Il y aurait à rechercher s’il n’entre pas quelque ironie dans cette conception du délire divin attribué aux poètes[1]. On pourrait aussi se demander quelle valeur Platon entend lui assigner[2]. Il conviendrait de faire intervenir ici la chronologie, pour déterminer dans quelle mesure les idées du philosophe ont pu évoluer sur ce point. H. Raeder[3] observe que dans le Ménon il reconnaît à l’opinion vraie une utilité pratique égale à celle de la science. À cet égard le Ménon marquerait un changement dans sa manière de voir. De même dans le Phèdre, suivant H. Raeder, Platon place très haut l’inspiration poétique, qui met l’homme en relation directe avec le divin ; il a cessé d’attribuer à la science une valeur exclusive.

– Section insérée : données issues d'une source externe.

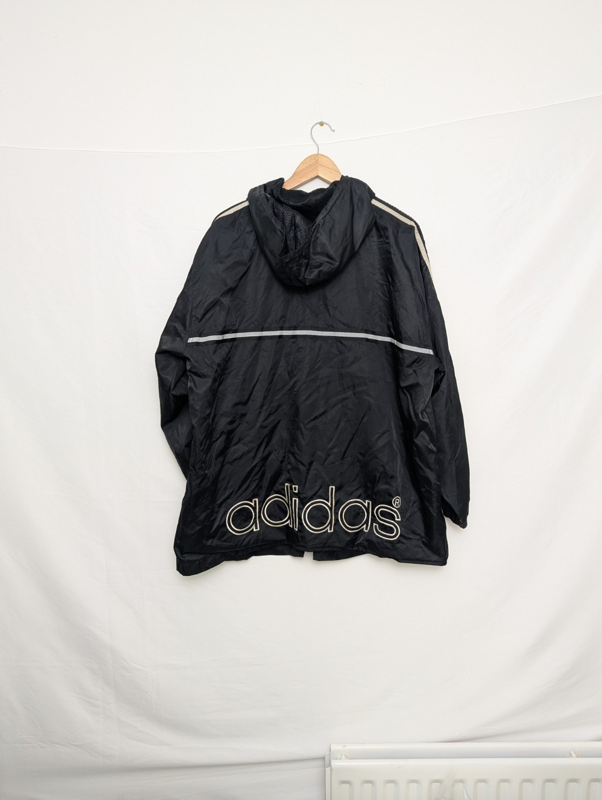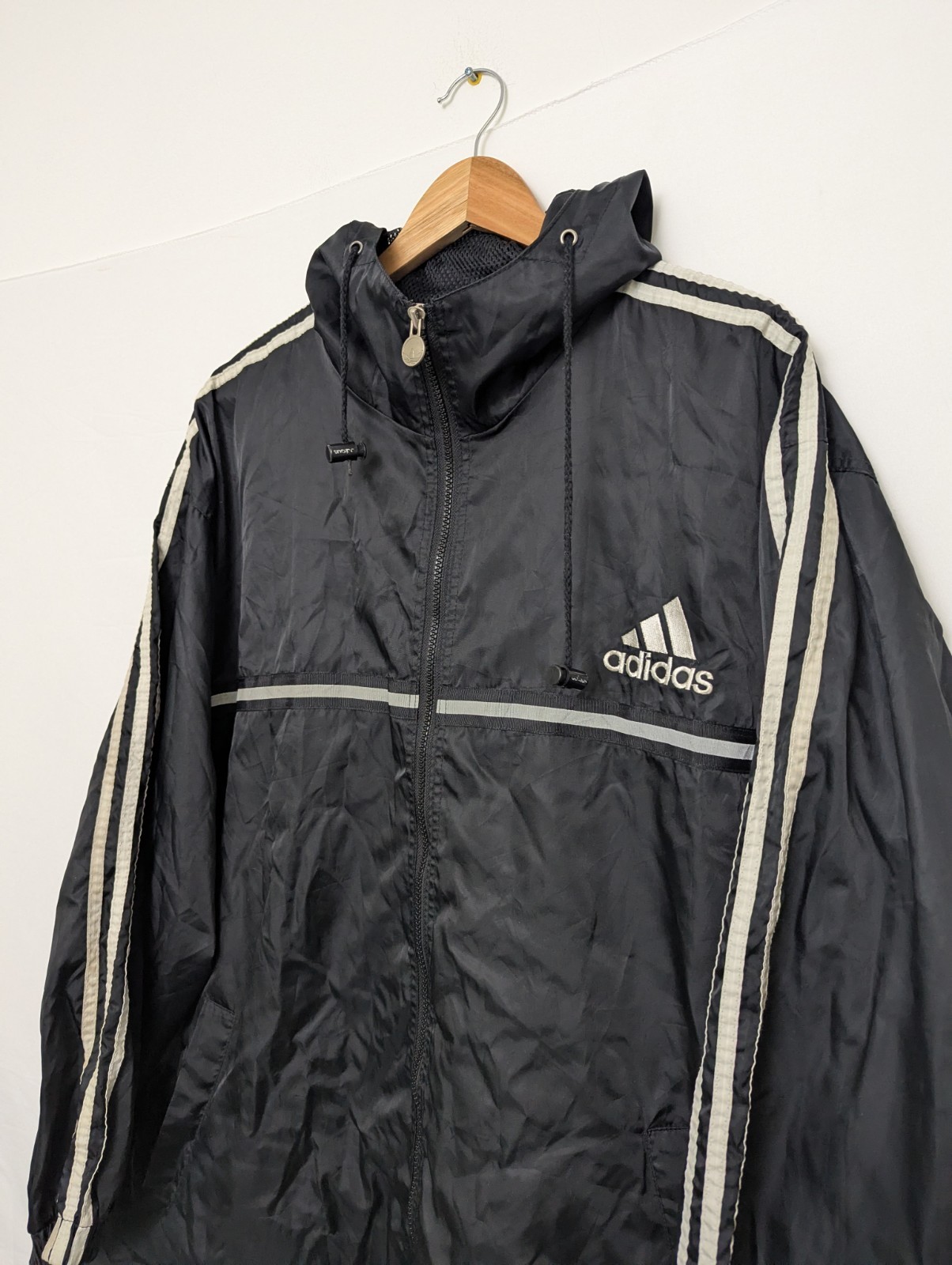 Original vintage Adidas hooded windbreaker jacket from the early 2000s. Features classic black colourway with white Adidas 3-stripe sleeves, mesh lining and large Adidas branding across the back hem.

Sans entrer dans un examen qui serait ici hors du sujet, il suffira de noter que, même dans le Phèdre, le poète n’occupe dans la hiérarchie des âmes que le sixième rang, juste au-dessus de l’artisan ou du laboureur (248 e).

Il semble, en tout cas, que l’auteur de l’Ion n’ait pour l’inspiration poétique, comparée à la science, qu’une estime assez médiocre[4]. C’est l’impression qu’on éprouve devant l’insistance qu’il met à dépouiller le poète de tout savoir et même de toute faculté personnelle, pour ne lui laisser que l’enthousiasme, force divine sans doute[5], mais qui lui vient du dehors, et dont il n’a ni le contrôle, ni la conscience, — étrangère à la raison et incompatible avec elle. Si haut que soit ce privilège, Socrate fait ressortir d’ailleurs combien il est limité et précaire. Le poète ne peut produire avec succès que dans le genre où il plaît à la Muse de l’engager. Hors

  1. H. Raeder, Platons philosophische Entwickelung, p. 91, se prononce nettement pour l’affirmative en ce qui concerne Ion, selon lui raillerie mordante contre les poètes ; sur la difficulté du problème, voir F. Stählin, o. l., p. 1 et suiv.
  2. Voir W. Chase Greene, o. l., p. 1 sq.
  3. Cf. Wilamowitz, o. l., p. 43.
  4. G. Colin, o. l., p. 7 ; cf. St. G. Stock, The Ion of Plato, 1909, p. viii.
  5. Suivant Nitzsch, o. l., Prolegomena, p. 19, Platon, tout en gardant les formules traditionnelles, s’attaquerait à la vieille croyance qui attribuait à une impulsion divine des états naturels.